**Exercise brief:** Work out how many lines below hold the string "Formosa" and state only that figure.

**Extracted records:**
****************

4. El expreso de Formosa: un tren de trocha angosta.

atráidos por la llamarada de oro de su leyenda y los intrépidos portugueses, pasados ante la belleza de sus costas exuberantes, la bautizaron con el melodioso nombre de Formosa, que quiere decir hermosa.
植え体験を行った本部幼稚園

****************

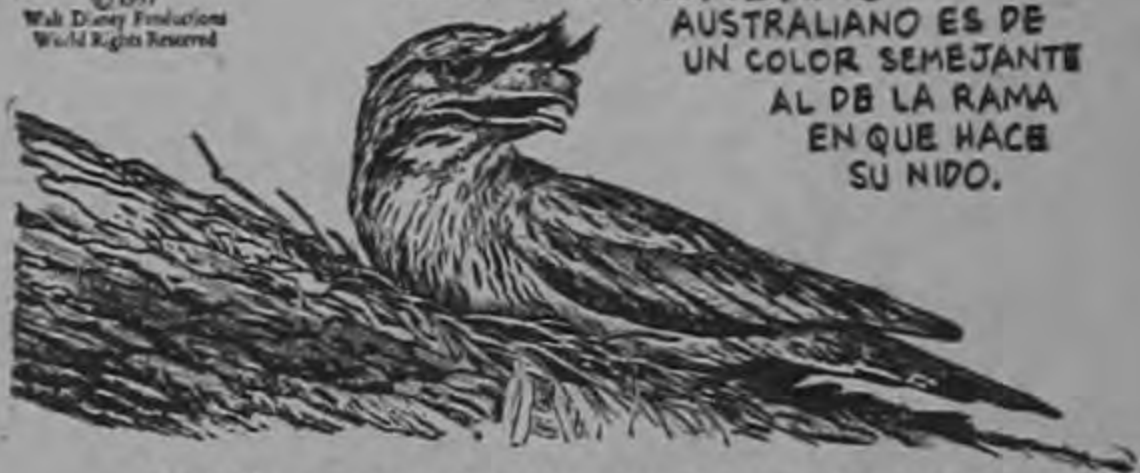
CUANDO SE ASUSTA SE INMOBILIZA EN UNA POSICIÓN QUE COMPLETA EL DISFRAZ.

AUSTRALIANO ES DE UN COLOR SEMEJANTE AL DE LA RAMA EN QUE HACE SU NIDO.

****************

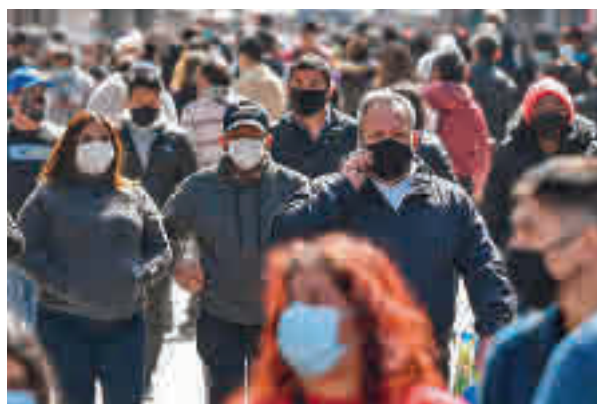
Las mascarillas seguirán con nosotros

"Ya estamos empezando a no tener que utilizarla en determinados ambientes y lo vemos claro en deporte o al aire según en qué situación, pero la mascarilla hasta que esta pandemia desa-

****************

**Solution to the exercise:** 2